The Shakespeare Game

The pile of dishrags grows ever taller, but I haven’t much knitting to talk about besides that, so I thought I’d share one of my amusements: The Shakespeare Game.

The purpose of the game is to imagine one’s self a director/producer and to dream up a novel production of one of Shakespeare’s plays. The ideas can be quick concepts—setting Romeo and Juliet on the Israel-Palestine border, for example—or more elaborate things with whole proposed casts, costume ideas, and the like. When I teach my summer Shakespeare class, I invite my students to play this game. I also have it going in the back of my head during the course.

Last year, when one of the plays Shakespeare Santa Cruz presented was King Lear, I imagined a production set in an assisted-living facility for people with Alzheimer’s. Lear would be one of the residents; the play would be his fantasies acted out by other residents and staff. This summer, I had the idea of making the setting even more specific: New Orleans during Hurricane Katrina. The storm on the heath would be the actual hurricane. I picture a large-screen tv on the set, playing a continuous loop of news coverage of the disaster, with regular cuts to George W. Bush saying, “You’re doing one heck of a job, Brownie.”

This year, Shakespeare Santa Cruz is presenting Much Ado about Nothing and The Tempest.
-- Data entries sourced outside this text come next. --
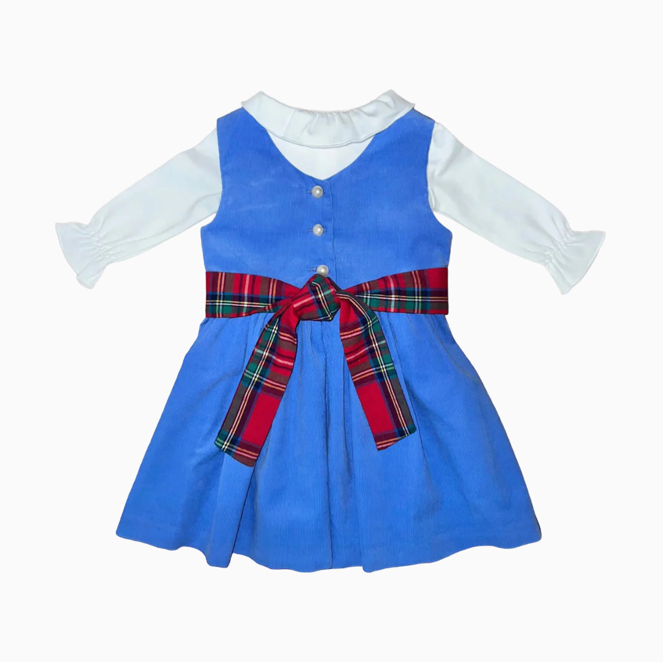Our Boone Hall Blue Corduroy Anna Twirl Dress by Brown Bowen & Co does exactly what it says it does. Twirl! This gorgeous dress comes with a Christmas plaid sash, but can be replaced with any other sash you choose for a different look or occasion! See our matching boys Boone Hall Longall or Boone Hall Blue Palmetto Pants for a matching brother/sister set.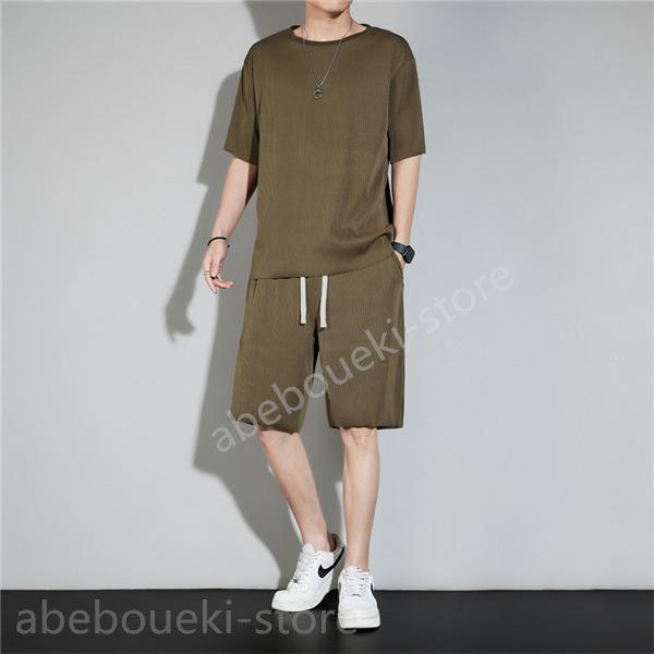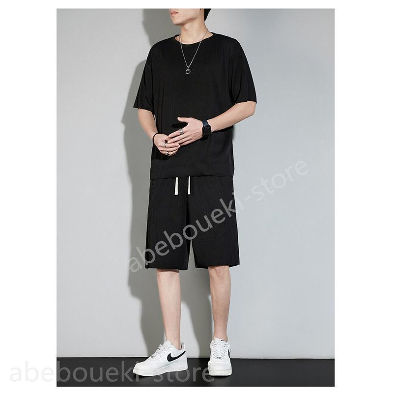 ジャージ メンズ 上下セット 2点セット セットアップ 半袖 ショートパンツ ハーフパンツ おしゃれ 夏物 吸汗速乾 薄手 無地 スポーツ 快適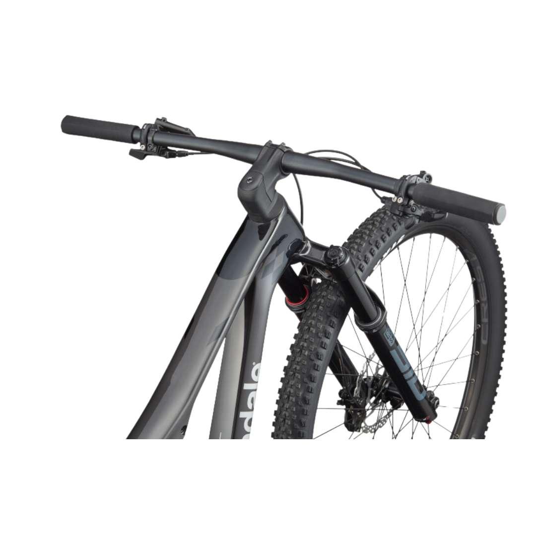 The Cannondale 2024 Scalpel Carbon 4 Mountain Bike - Smoke Black is a high-performance cross-country mountain bike designed for racing and aggressive trail riding. It features a lightweight carbon fiber frame with Cannondale's signature aggressive geometry for maximum efficiency and control on challenging terrain.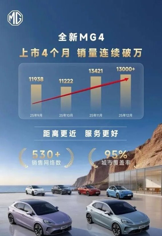 全新MG4的问世,成为了MG品牌反击的核心力量。2025年,MG的整体销量同比增长超过59%,其中新能源车型的销量更是跃升了476%。这一增长并非偶然,而是全新MG4带来的巨大市场反响。自上市以来,MG4迅速获得了消费者的认可,连续四个月单月交付量突破万辆,11月和12月的销量更是创下了1.3万辆的佳绩。MG4的表现,不仅超出了外界的预期,更是为MG的电动化战略注入了强劲的动力。

Since Tempest is often seen as Shakespeare’s “retirement play,” in which he foreswears the magic of theater and retreats to live an ordinary life, I’d like to try producing it as the final film of an aging director—sort of Sunset Boulevard-like. Ariel would be the director’s assistant with a clap-board to mark the beginning and end of scenes. I’d play Caliban as a Hattie McDaniel type: a gifted African-American actor forced to play mammy roles.

I also imagine a production of Taming of the Shrew done as tragedy, rather than comedy, in which the insults are sincere, the violence real. Watching a production like this would be grueling, but it would open up all sorts of ideas that are lurking right now under the script we’re so ready to laugh at.

Think back to your high school or college Shakespeare. What plays are you familiar with? What would you do with them to make them anew for audiences?